In natura restano solo 1.900 panda giganti
I panda giganti sono considerati vulnerabili dall’Unione Mondiale per la Conservazione della Natura (IUCN) fin dal 1990. Le cause vanno ricercate nella bassa fecondità, visto che le femmine si accoppiano una volta l’anno e danno alla luce uno o al massimo due cuccioli, ma anche a causa della scomparsa delle foreste di bambù provocata dai cambiamenti climatici. Il bambù rappresenta infatti il 90% del cibo il panda gigante mangia quotidianamente, complessivamente tra i 12 e i 30 chilogrammi al giorno. Secondo uno studio condotto dal WWF, nel 2014, in natura, esistevano ancora 1864 panda. «Sebbene la stima attuale sia di circa 1.900 individui, si ritiene che il numero di panda maturi che si riproducono sia compreso tra 500 e 1.000 – spiega il WWF. – Come molte altre specie, il panda è in pericolo perché le sue foreste vengono distrutte e sono sempre più ridotte ed isolate.
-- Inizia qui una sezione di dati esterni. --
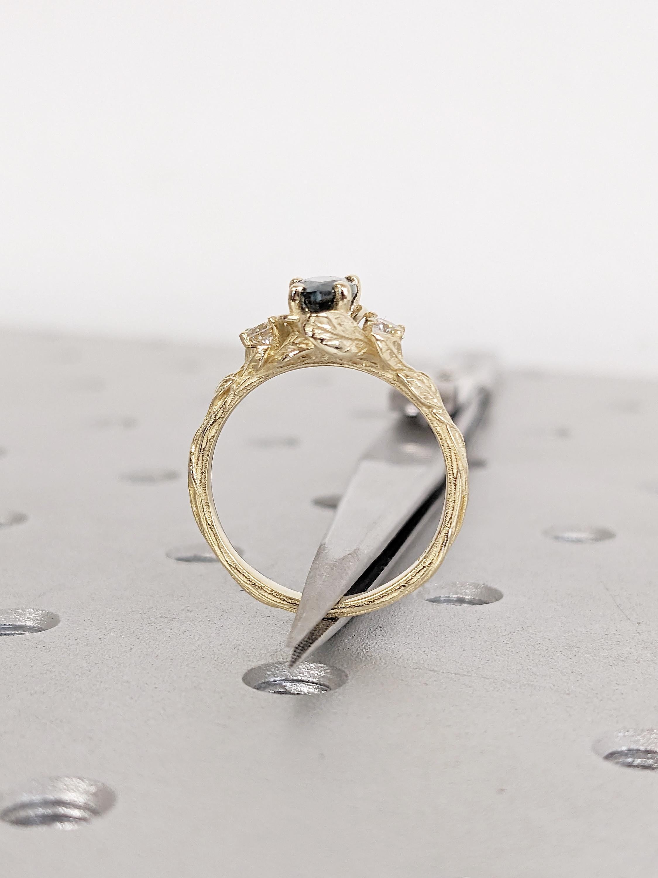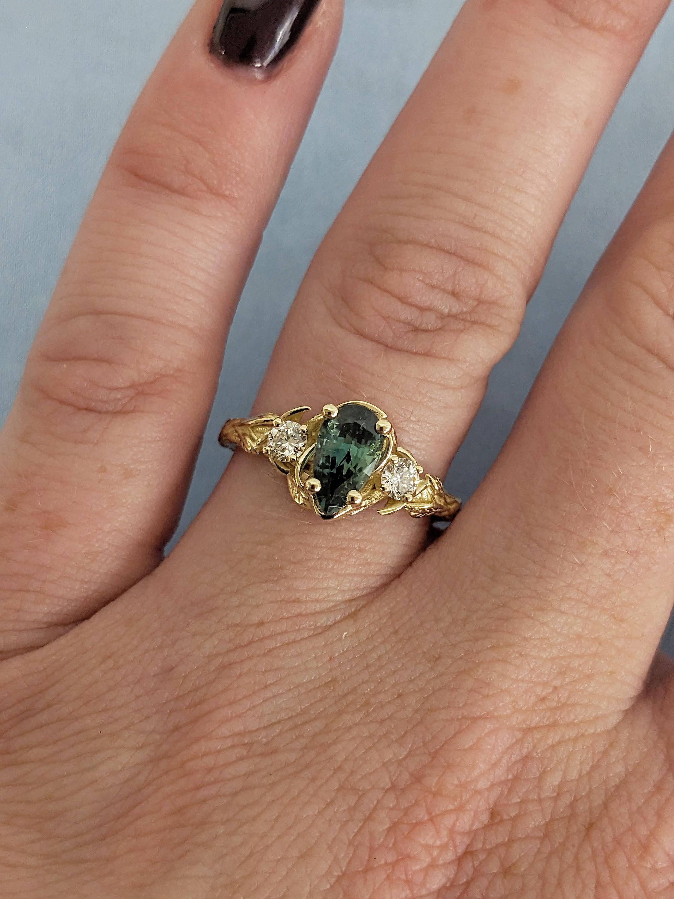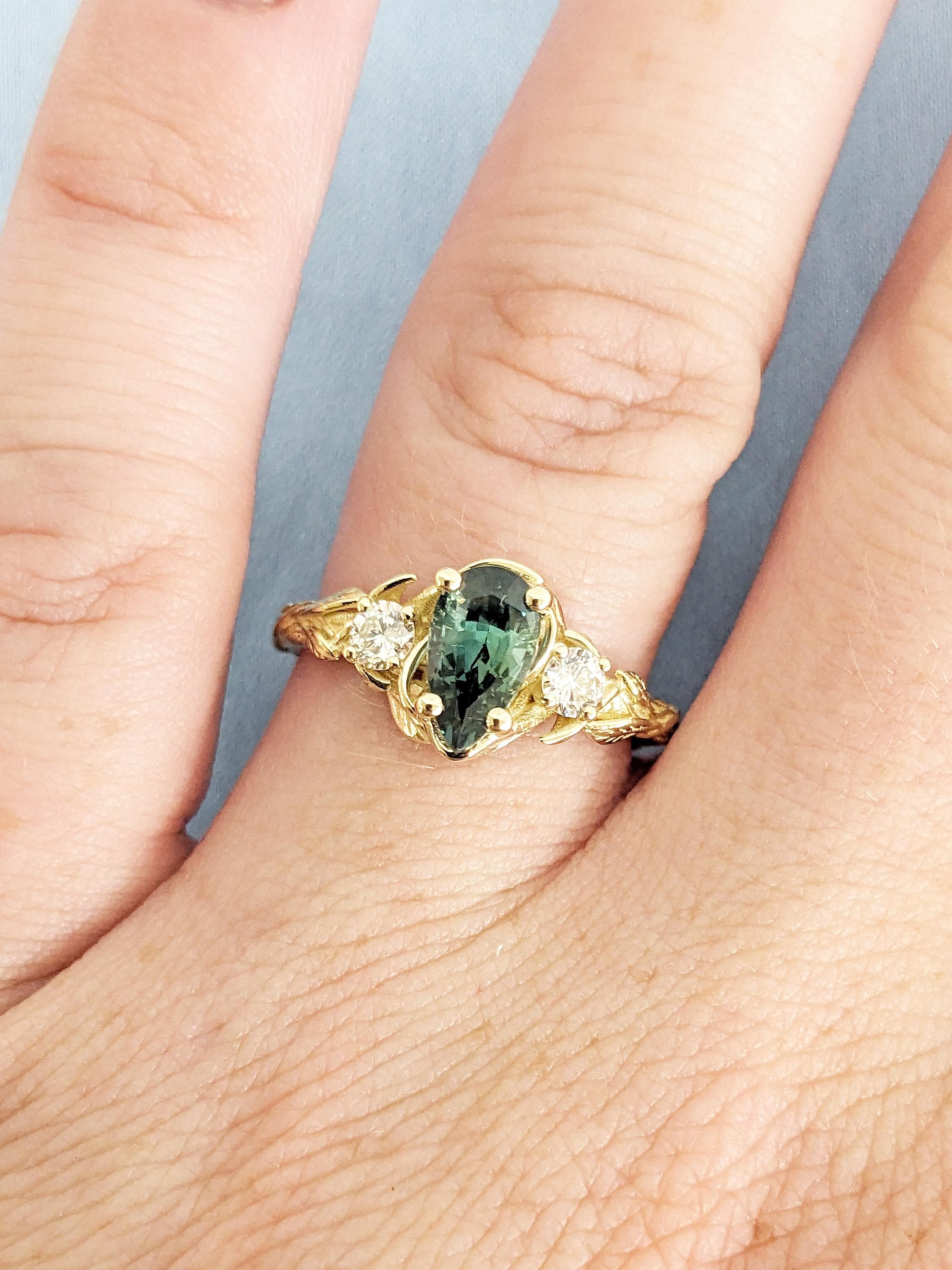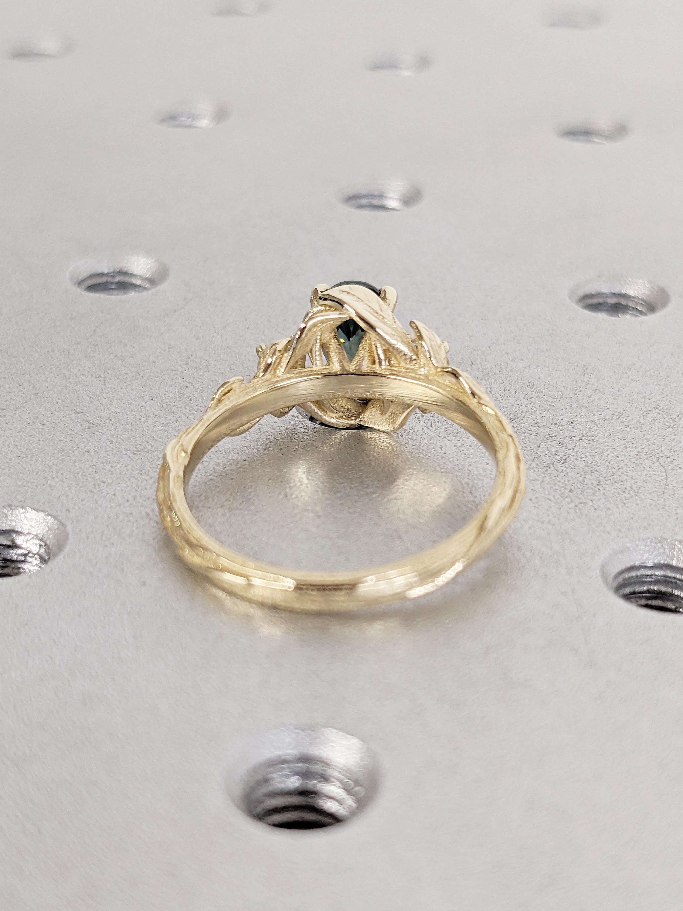 Nature Inspired Engagement Ring, 14k Solid Gold Pear Cut Teal Sapphire Ring for Women
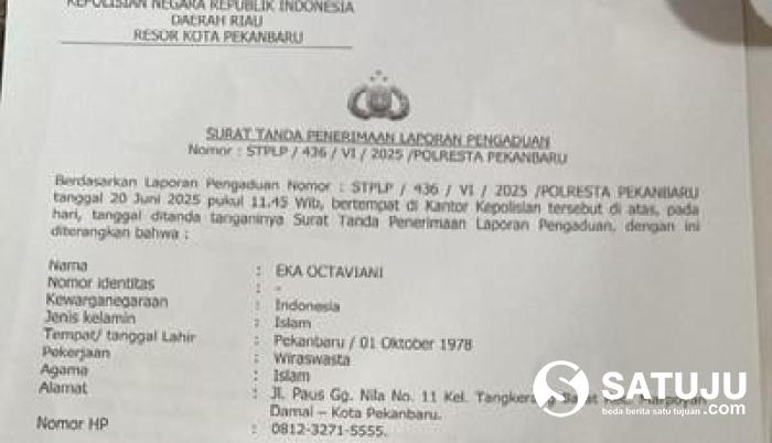 Pekanbaru, Satuju.com — Seorang perempuan warga negara Indonesia, Eka Octaviani (46), resmi melaporkan suami yang berkewarganegaraan Amerika Serikat, Ahmad Feyez Banni (62), ke Polresta Pekanbaru atas dugaan kekerasan dalam rumah tangga (KDRT) dan ancaman terhadap keselamatan keselamatan.
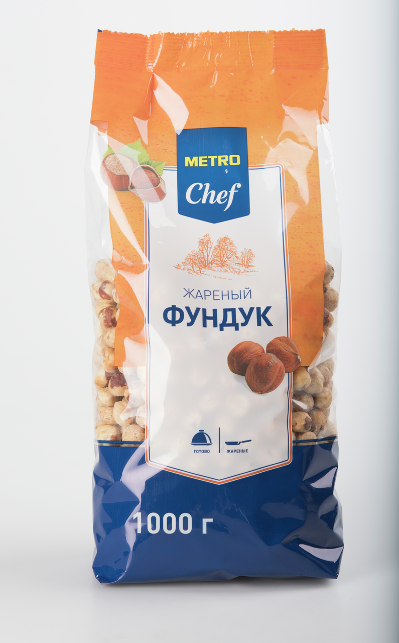 METRO Chef Фундук жареный 1 кг - это вкусный, питательный орех, второе название которого - лесной. Очищенный от скорлупы и бережно обжаренный фундук. Обладает ярким ореховым ароматом и тонким сладковатым вкусом. Сытное и полезное лакомство и превосходный снек. Лесной орех идеально подходит для выпечки, десертов, салатов и пикантных закусок.

Questo porta gli animali a spostarsi maggiormente esponendosi al bracconaggio e a molti altri rischi. L’ultimo nostro censimento ha individuato 1.864 panda, di cui almeno 1.000 nelle aree protette create dal WWF in collaborazione con il governo cinese. La deforestazione, la costruzione di nuove strade, di dighe e di insediamenti urbani causa la riduzione e frammentazione dell’habitat del panda che oggi è relegato a una ventina di aree residue, per una estensione complessiva di circa 23.000 km2. Le foreste in Cina, diminuiscono di anno in anno a causa di un crescente disboscamento e diventa quindi sempre più difficile per questo animale trovare germogli di bambù necessari al suo sostentamento».
Molto inferiore il numero dei panda che tuttora vive in cattività negli zoo di tutto il mondo, anche grazie ai progetti di prestito oramai diventati una consuetudine per il governo cinese. Secondo il China Conservation and Research Center for the Giant Panda, una struttura di ricerca e allevamento di panda gigante a Bifengxia Town, a Sichuan in Cina, i panda giganti allevati in cattività in tutto il mondo sono 673, quasi il doppio rispetto a dieci anni fa. Duan Zhaogang, direttore del centro, ha recentemente attribuito questo aumento della popolazione al rapido sviluppo delle tecnologie di riproduzione artificiale. «La popolazione selvatica in Cina è passata dai 1.114 esemplari degli anni '80 a 1.864, mentre nello stesso periodo anche gli habitat protetti per la specie si sono notevolmente ampliati – ha dichiarato Duan – negli ultimi 10 anni sono stati liberati in natura 10 panda giganti in cattività, nove dei quali sono sopravvissuti».